Before the beginning of the Civil War, Allister Paisley had been close to starvation far too often. He had stepped off the immigrant ship from England in 1855, less than ten years earlier, feeling an immense relief when he first trod on American soil. Not that he really liked his new home — in fact he rather detested it. Certainly he would never have voluntarily crossed the ocean to settle in this crude and grubby land. It was the bailiffs who were just a few steps behind him that had prompted his unplanned emigration from Britain’s shore. Something of the very same kind had happened some years earlier in Scotland, which he had left hurriedly for much the same reasons he had fled England. What the offenses were remained known only to himself, the authorities, and the police. He had no friends to confide in — nor did he want any. He was a bitter and lonely man, a petty swindler and thief, who could not succeed for any length of time even in those unlovely arts.

His first bit of luck in America came when they were disembarking from the ship. He had climbed up from steerage into the cold light of day and, for the first time, had found himself almost separated from his equally penurious and foul-smelling fellow passengers. In the confusion on deck he had managed to mingle with the better-dressed passengers, even getting close enough to one of them to lift his pocket watch. The cry of thief sounded behind him — but by then he was safely ashore. By instinct he found his way to the slums of lower Manhattan, and to the pawnshop there. The uncle had cheated him in the exchange, yet he still had enough of the grubby banknotes and strange-looking coins to drink himself to extinction: at this time drinking being his single pleasure and vice.

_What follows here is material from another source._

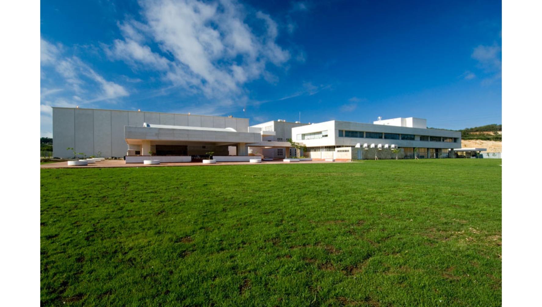 Los edificios más importantes están hechos con concreto blanco, empleando dos sistemas constructivos. Mientras que las oficinas y el casino se construyeron de forma tradicional, con una estructura principal fundida en sitio sobre formaletas, las bodegas cuentan con un sistema constructivo de fácil ampliación y modificación conocido como “tilt-up”. Este sistema resulta de la fundición de grandes pantallas sobre el piso que, al ser erigidas, encajan unas con otras, conformando la estructura. Este sistema de construcción rápida permite la movilidad de paneles para modificaciones y empates con nuevos paneles, dejando abierta la posibilidad de ampliaciones, factor muy importante para la empresa.

Again a benevolent providence had smiled upon him. Before he was too drunk to render himself unconscious, he became aware that the man seated near him in the bar had stepped out of the back door to relieve himself. Paisley had dim memories that the stranger had pushed something under the bench when he had sat down. He shuffled sideways on the seat and felt down under it. Yes, a case of some kind. At that moment no one appeared to be looking in his direction. He seized the case by the handle, rose and slipped out the front door without being detected. When he had turned enough corners, and put some distance between himself and the drinking establishment, he paused on a rubbish-strewn bit of wasteland and opened the case.

Fortune had indeed smiled upon him. This was the sample case of a traveler in patent medicines. The principal medicine was Fletcher’s Castoria, a universal cure for childhood diseases and other ailments. The proud motto displayed on every label read “Children cry for it.” As well they might, since it was principally alcohol laced with a heady amount of opium. Paisley became an instant addict — but he did have the sense not to drink all of it, since this sample case was to be the key to a new life.